The complaint and other initiatory pleadings referred to and
subject of this Circular are the original civil complaint,
counterclaim, cross-claim third (fourth, etc.) party
complaint
or
complaint-in-intervention,
petition,
or
application wherein a party asserts his claim for
relief. (Emphasis supplied)
It bears stressing, once again, that the real office of
Administrative Circular No. 04-94, made effective on 01 April 1994,
is to curb the malpractice commonly referred to also as forumshopping. It is an act of a party against whom an adverse judgment
has been rendered in one forum of seeking and possibly getting a
favorable opinion in another forum, other than by appeal or the
special civil action of certiorari, or the institution of two or more
actions or proceedings grounded on the same cause on the
supposition tha tone or the other court would make a favorable
disposition.
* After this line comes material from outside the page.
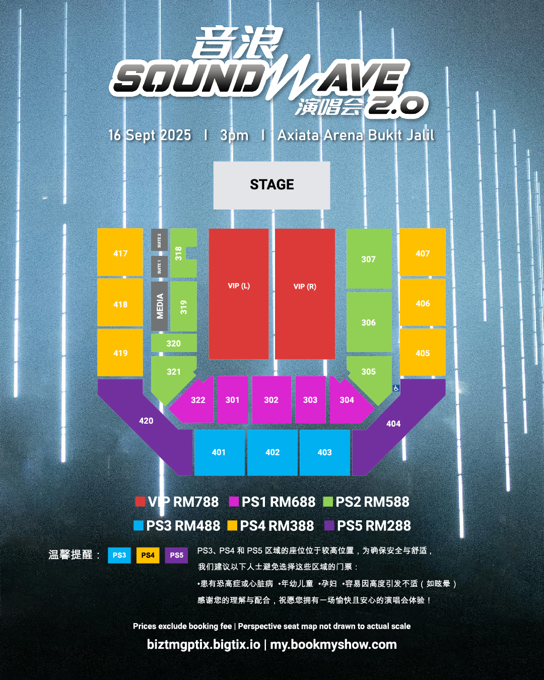 《⾳浪 SOUNDWAVE 2.0 演唱会 2025》将于 2025 年 9 ⽉ 16 ⽇下午 3 点,在 Axiata Arena Bukit Jalil 燃情开唱。⻔票将于 6 ⽉ 26 ⽇中午 12 点开启预售;6 ⽉ 27 ⽇中午 12 点正式开售,票价分为 RM788(VIP)、RM688(PS1)、RM588(PS2)、RM488(PS3)、RM388(PS4)及 RM288(PS5)。
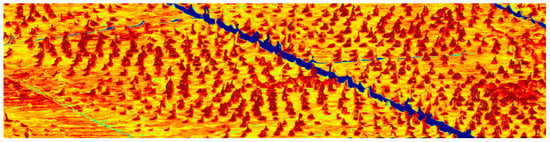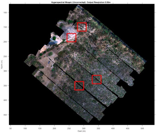 Commencing at the first image of the first swath, , each of the (Figure 5) hyperspectral images are processed in turn. First, the extrema, , are computed from , the coordinates of the corners of the hyperspectral image. Then, the image is resampled into a matrix of dimensions, , where , and . Next, this resampled matrix is allocated to a sub-set of pixels, , where , , and , within an (initially blank) matrix of dimensions . Although this is an inaccurate placement, not least because the corners of the hyperspectral images do not form a rectangle, this is performed because it is computationally much faster to allocate a rectangular × × sub-block of pixels in memory than to accurately assign, pixel-by-pixel, a slightly tilted, trapezoidal image to the correct elements within the relevant matrix needed to form part of the composite image representing each swath.

The language of the circular distinctly suggests that it
is primarily intended to cover an initiatory pleading or an incipient
application of a party asserting a claim for relief.
It should not be too difficult, the foregoing rationale of the
circular aptly taken, to sustain the view that the circular in question
has not, in fact, been contemplated to include a kind of claim
which, by its very nature as being auxiliary to the proceedings in

the suit and as deriving its substantive and jurisdictional support


therefrom, can only be appropriately pleaded in the answer and
not remain outstanding for independent resolution except by the
court where the main case pends. Prescinding from the foregoing,
the provisio in the second paragraph of Section 5, Rule 8 of the
1997 Rules on Civil Procedure, i.e., that the violation of the antiforum shopping rule shall not be curable by mere amendment x x x
but shall be cause for the dismissal of the case without prejudice,
being predicated on the applicability of the need for a certification
against forum shopping, obviously does not include a claim which
cannot be independently set up.

The hospital, nevertheless, is entitled to a mere


partial relief. The so called counterclaim of the hospital really
consists of two segregative parts: (1) for unpaid hospital bills of
respondents son, Emmanuel Surla, in the total amount
of P82,632.10; and (2) for damages, moral and exemplary, plus
attorneys fees by reason of the alleged malicious and unfounded
suit filed against it. It is the second, not the first, claim that the
Court here refers to as not being initiatory in character and thereby
not covered by the provisions of Administrative Circular No. 04-94.